• [How to complete this task]
Every line of the listing must be reproduced as it stands. Leave the images behind.

• [Input data]
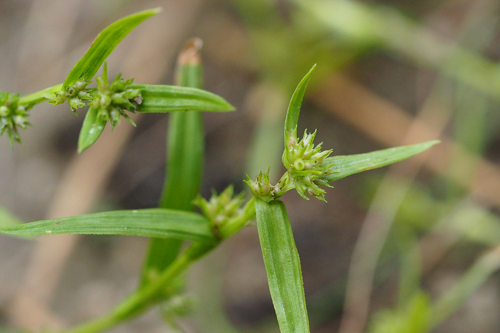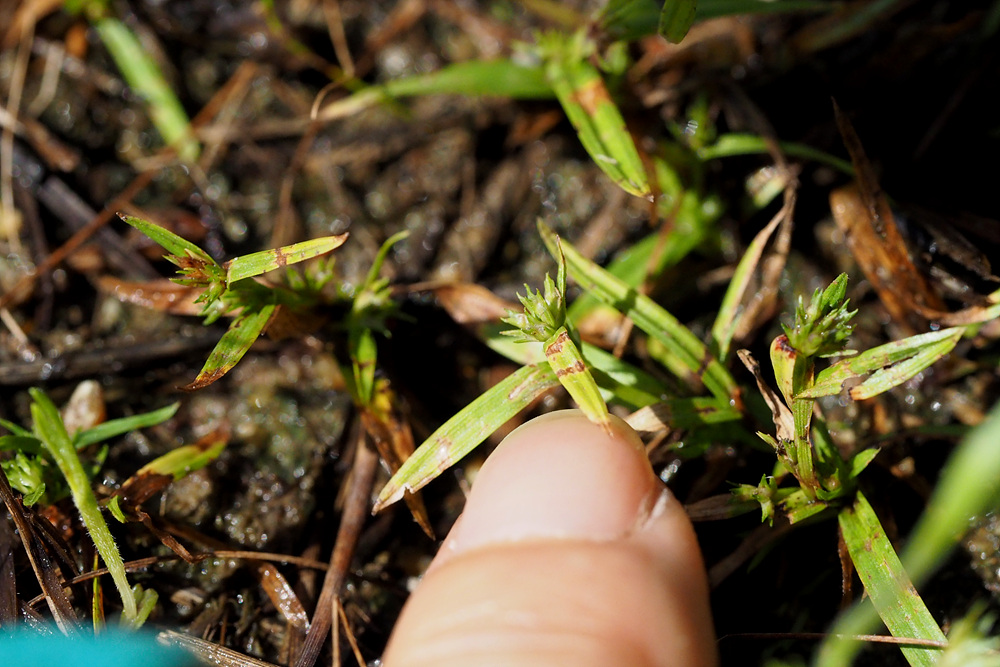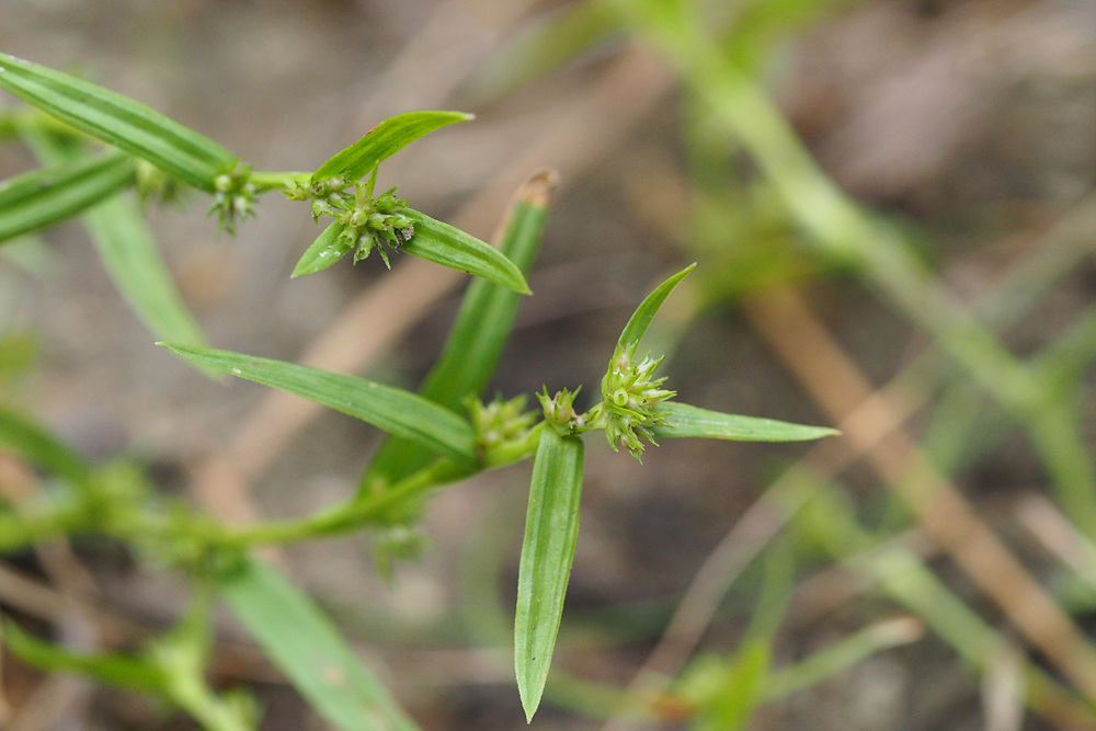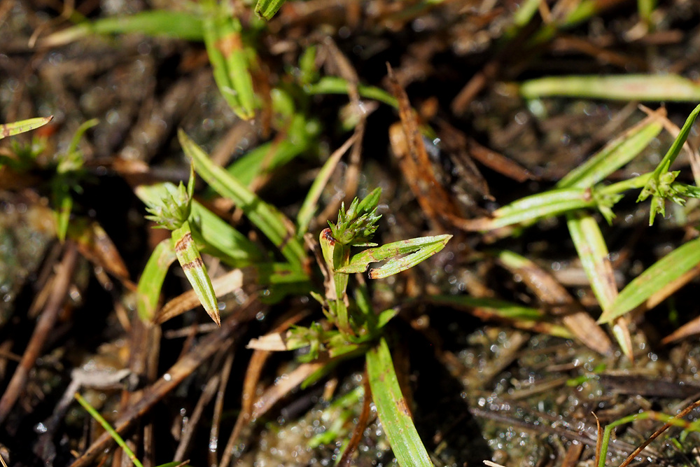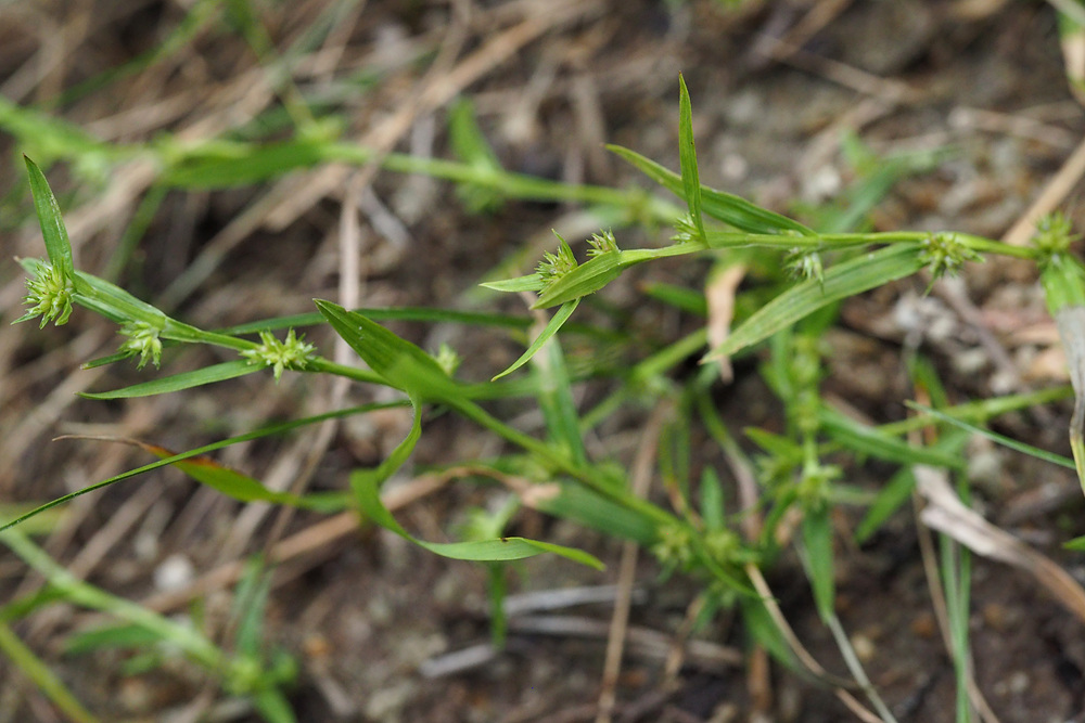 | 일년생. 근경이 없이 모여나고, 뿌리는 실 모양이며, 적자색이다. 줄기 높이 3-15cm로 식물체가 작다. 무모이고, 직립하거나 비스듬히 자라며, 단면은 삼각형이다. 잎 엽초에 좁은 날개가 있고, 날개는 위쪽일수록 더 넓으며, 엽설은 없다. 엽신은 선형이고, 길이는 1-4 cm, 너비는 1.5-3mm이며, 끝은 예두 혹은 서서히 좁아진다. 포엽과 소포엽 잎모양 또는 인편모양이고, 길이 3-10mm이다. 화서 두상 또는 취산화서로 짧은 자루가 있고, 몇 개 또는 많은 소수가 엽액에 모여 달린다. 소수 자성화의 기부에 작은 웅성화가 붙는다. 웅인편 좁은 난형이고, 둔두이다. 자인편 장타원형이고, 길이 1.5-2mm, 끝은 예두이거나 3열되며, 중앙열편은 더 크고 길다. 수과 2개의 인편에 둘러싸여 있고, 공모양이며, 길이 0.8-1mm, 3개의 세로줄과 사각형의 그물무늬가 있다. 주두 3갈래로 갈라진다. |
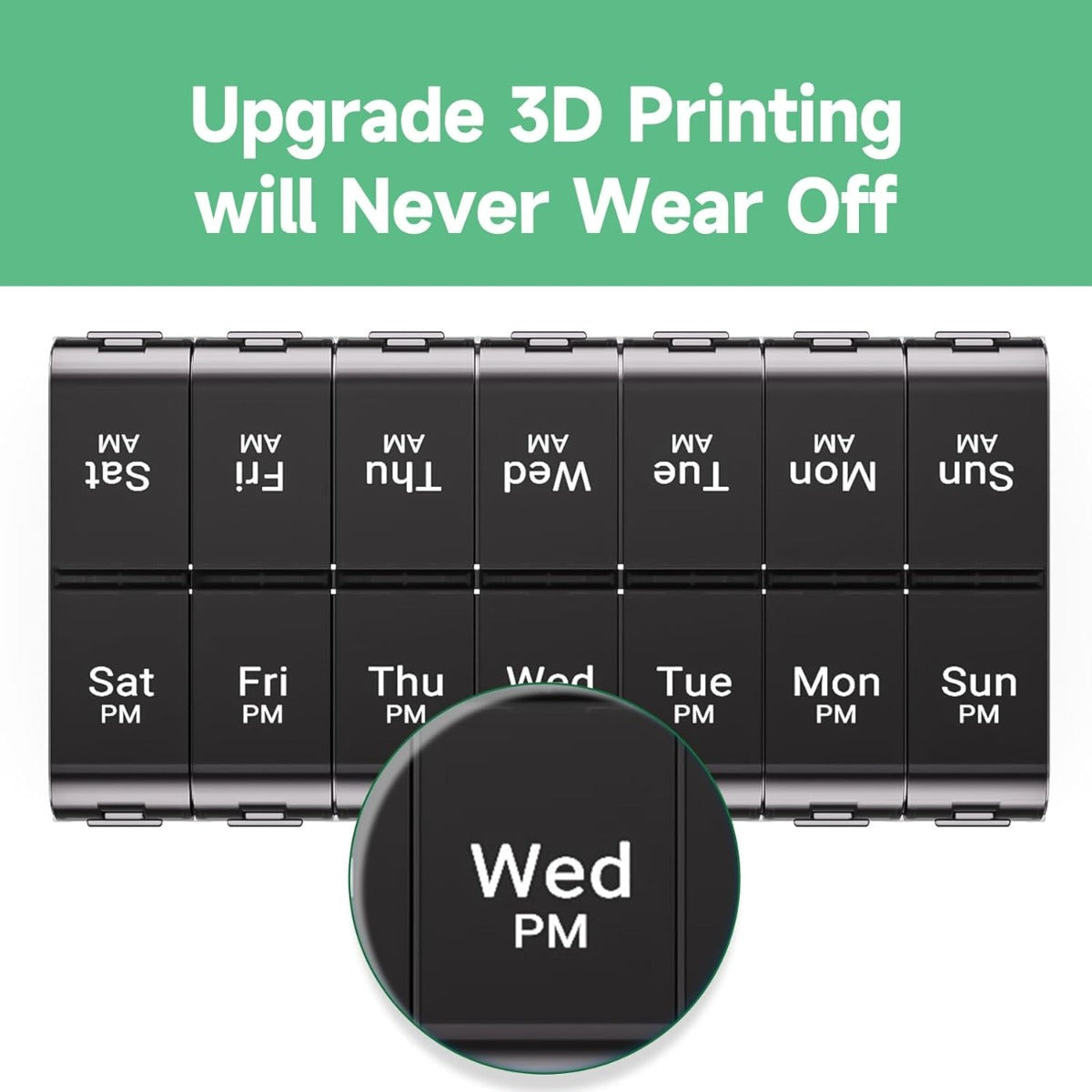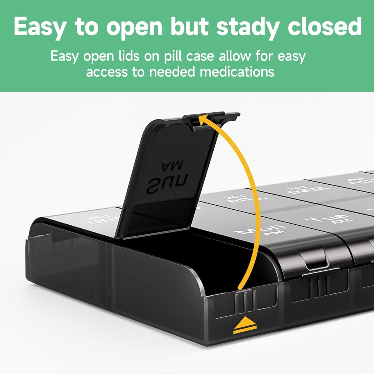 7 days Oversized Pill Box Oversized Daily Pill Box, Large Pill Box (black
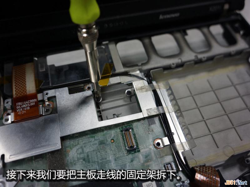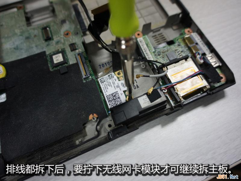 由于無(wú)線網(wǎng)卡固定著主板的一角,所以也要一起拆卸來(lái)。
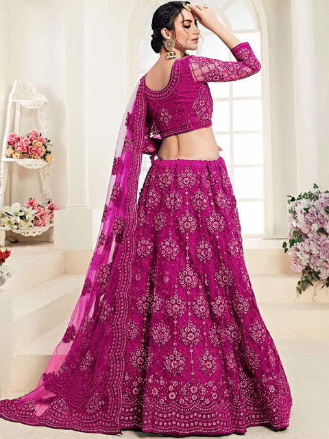 Purple embellished unstitched blouse, has a round neck, long sleeves, purple embellished semi-stitched lehenga, flared hem

• [Result of this task]
 | 일년생. 근경이 없이 모여나고, 뿌리는 실 모양이며, 적자색이다. 줄기 높이 3-15cm로 식물체가 작다. 무모이고, 직립하거나 비스듬히 자라며, 단면은 삼각형이다. 잎 엽초에 좁은 날개가 있고, 날개는 위쪽일수록 더 넓으며, 엽설은 없다. 엽신은 선형이고, 길이는 1-4 cm, 너비는 1.5-3mm이며, 끝은 예두 혹은 서서히 좁아진다. 포엽과 소포엽 잎모양 또는 인편모양이고, 길이 3-10mm이다. 화서 두상 또는 취산화서로 짧은 자루가 있고, 몇 개 또는 많은 소수가 엽액에 모여 달린다. 소수 자성화의 기부에 작은 웅성화가 붙는다. 웅인편 좁은 난형이고, 둔두이다. 자인편 장타원형이고, 길이 1.5-2mm, 끝은 예두이거나 3열되며, 중앙열편은 더 크고 길다. 수과 2개의 인편에 둘러싸여 있고, 공모양이며, 길이 0.8-1mm, 3개의 세로줄과 사각형의 그물무늬가 있다. 주두 3갈래로 갈라진다. |
 7 days Oversized Pill Box Oversized Daily Pill Box, Large Pill Box (black
 由于無(wú)線網(wǎng)卡固定著主板的一角,所以也要一起拆卸來(lái)。
 Purple embellished unstitched blouse, has a round neck, long sleeves, purple embellished semi-stitched lehenga, flared hem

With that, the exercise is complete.